Le 19 juillet dernier, Mona Ozouf est arrivée aux bras de Françoise Livinec à l’École des filles d’Huelgoat. 600 personnes, qui l’adorent, l’attendaient. Il faut dire que c’est la dixième fois que Mona Ozouf est reçue à l’École des filles. Le thème de la conférence du jour était : « Pourquoi la littérature ? L’occasion, pour Mona Ozouf, de dire sa perplexité et les nuances à apporter à la situation à laquelle nous sommes confrontés. « La situation fut une surprise pour tous, la rencontre entre deux évènements, un tout petit virus et ses conséquences à échelle planétaire ». Le journal Ouest France, dans sa livraison du 1er août, a rapporté ses propos sur nos comportements individuels et collectifs singulièrement marqués ces derniers temps par l’exaltation, la passion ou l’emportement : « La crise sanitaire n’est pas finie que nous avons déjà commencé à instruire le procès de ceux qui l’ont gérée. Comme s’il n’y avait rien de plus urgent que d’épingler des coupables et de les punir de façon exemplaire. Tout ça montre à quel point nous sommes les héritiers de la radicalité révolutionnaire. Nous avons collectivement besoin d’une éducation à la patience, à la tolérance, à la nuance ».

En la circonstance, avoir le souci de la nuance, c’est se dire qu’après cette crise sanitaire, la suite ne sera pas entre le “tout a changé” et le “rien n’a changé”, mais à un état des choses plus nuancée. « C’est ce que la littérature nous enseigne. »

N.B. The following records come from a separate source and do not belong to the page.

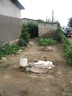 Una letrina de hoyo bien mantenida en un hogar rural cerca de Maseru, Lesoto. -
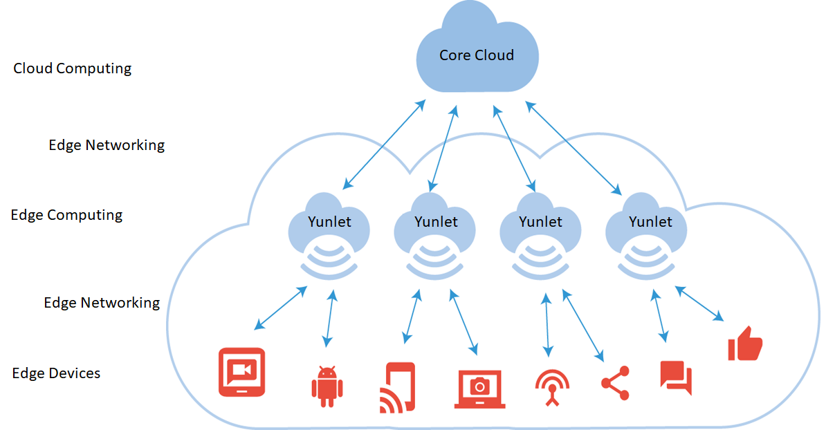 边缘云计算平台Yunlet,融合了计算,存储和网络等功能。解决方案OpenMEC产品包括狭义MEC(Mobile Edge Computing)和广义MEC(Multi-access Edge Computing),形态从单融合系统到微型/小型数据中心,位置分布从基站服务器,楼道服务器,CO端局,园区和企业侧边缘云,到矿区,智能工厂,大卖场等垂直场景的边缘云。
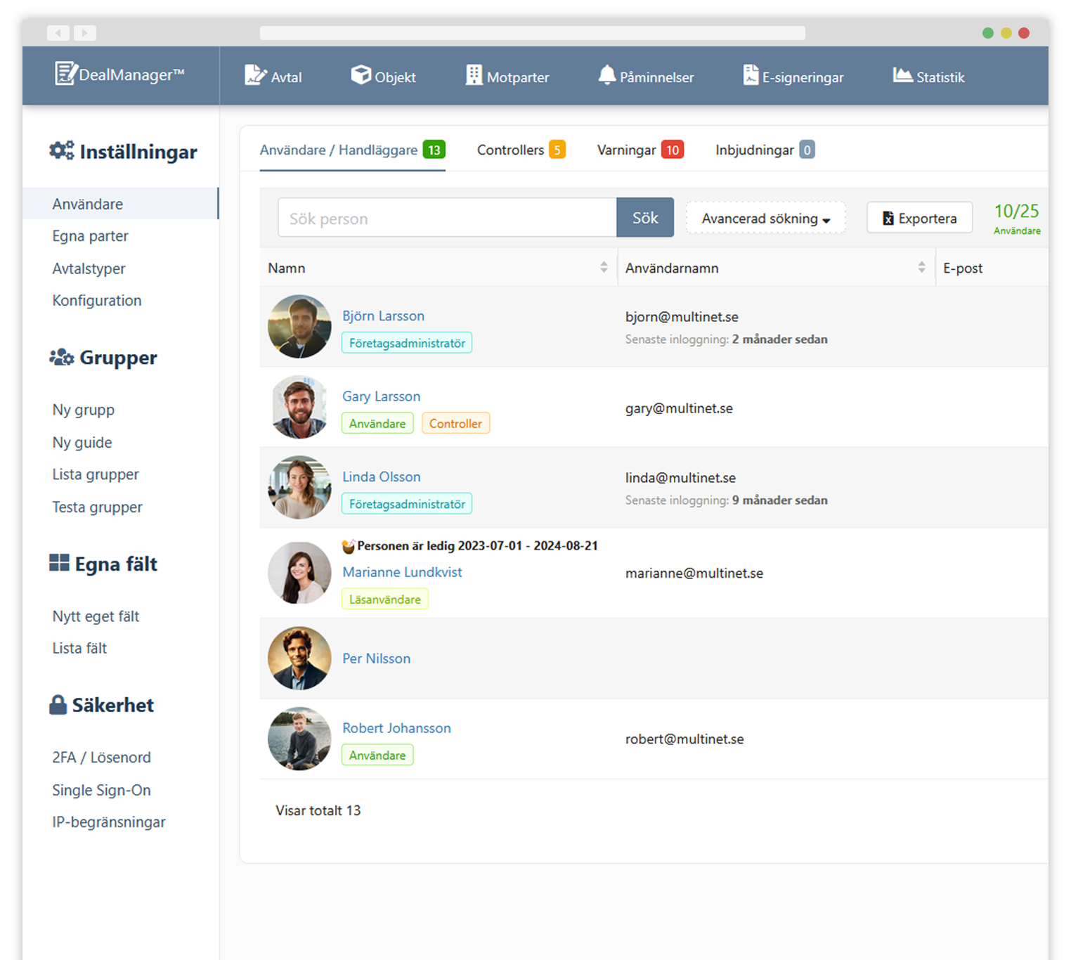 Med inbyggt stöd för digital signering kan du på ett enkelt och säkert sätt hantera hela signeringsprocessen direkt i DealManager. Bjud in personer att granska, godkänna och signera avtal digitalt, med eller utan BankID.

Mona Ozouf a évoqué le mouvement des gilets jaunes. “Les gilets jaunes avaient un vocabulaire pénétré de la Révolution française. C’est la preuve que la Révolution continue d’habiter l’imaginaire des Français en termes d’images et de mots. Le RIC était un moyen de rendre moins criante la distance entre les représentés et les représentants. Mais les gilets jaunes n’avaient pas d’autres horizons qu’après-demain, et encore… En revanche, les révolutionnaires de 1789 étaient pleins de projets. Ils sont entrés « équipés » en révolution. Ils rêvaient d’un nouvel ordre. En définitive, les gilets jaunes sont à l’image de notre société actuelle : nous vivons sans grand rêve. L’avenir est devenu difficilement figurable. Tout au mieux, espère-t-on conserver le monde tel qu’il est.”

Mona Ozouf a conservé une grande liberté d’esprit, un sens élégant de la nuance et du mot juste. “La vraie révolution du XXIe siècle, ce serait de réapprendre la lenteur et la gratuité. Nous avons besoin d’une rupture avec le tout, tout de suite.”

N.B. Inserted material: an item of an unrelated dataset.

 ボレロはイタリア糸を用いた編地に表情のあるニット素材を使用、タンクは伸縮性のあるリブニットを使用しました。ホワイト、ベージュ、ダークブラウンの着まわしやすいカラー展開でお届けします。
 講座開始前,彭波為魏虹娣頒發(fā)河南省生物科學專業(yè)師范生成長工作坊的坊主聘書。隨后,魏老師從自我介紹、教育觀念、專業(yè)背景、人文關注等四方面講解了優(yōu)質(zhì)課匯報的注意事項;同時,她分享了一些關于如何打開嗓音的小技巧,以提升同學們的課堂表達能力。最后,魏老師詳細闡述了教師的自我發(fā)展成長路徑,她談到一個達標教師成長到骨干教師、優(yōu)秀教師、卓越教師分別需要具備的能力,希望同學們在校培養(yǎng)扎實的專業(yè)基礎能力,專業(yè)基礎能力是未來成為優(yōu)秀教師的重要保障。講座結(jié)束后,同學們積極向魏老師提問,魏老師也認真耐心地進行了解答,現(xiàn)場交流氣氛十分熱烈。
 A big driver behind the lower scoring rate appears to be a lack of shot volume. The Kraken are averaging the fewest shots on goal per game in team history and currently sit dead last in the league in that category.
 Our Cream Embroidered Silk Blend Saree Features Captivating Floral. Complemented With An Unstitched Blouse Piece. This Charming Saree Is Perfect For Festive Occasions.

Vous voyez, le moment est venu de faire preuve de plus de mesure et de nuance. « Nous avons collectivement besoin d’une éducation à la patience, à la tolérance, à la nuance ». C’est Mona Ozouf qui vous le dit !

Une réponse à Éloge de la mesure, de la nuance.

  • Pour expliquer ce qu’est le sens de la nuance, Mona Ozouf prend cet exemple : Dans Le Lys dans la vallée, Balzac fait dire à la vertueuse Madame de Martzoff dans sa lettre de regret à Félix : « J’ai parfois désiré de vous quelque violence ». « Tout est dans ce parfois et dans ce quelque, explique Mona Ozouf. Elle ajoute : “Le sens de la nuance et de la complexité est donc la meilleure défense contre la pensée totalitaire de l’uniformité ».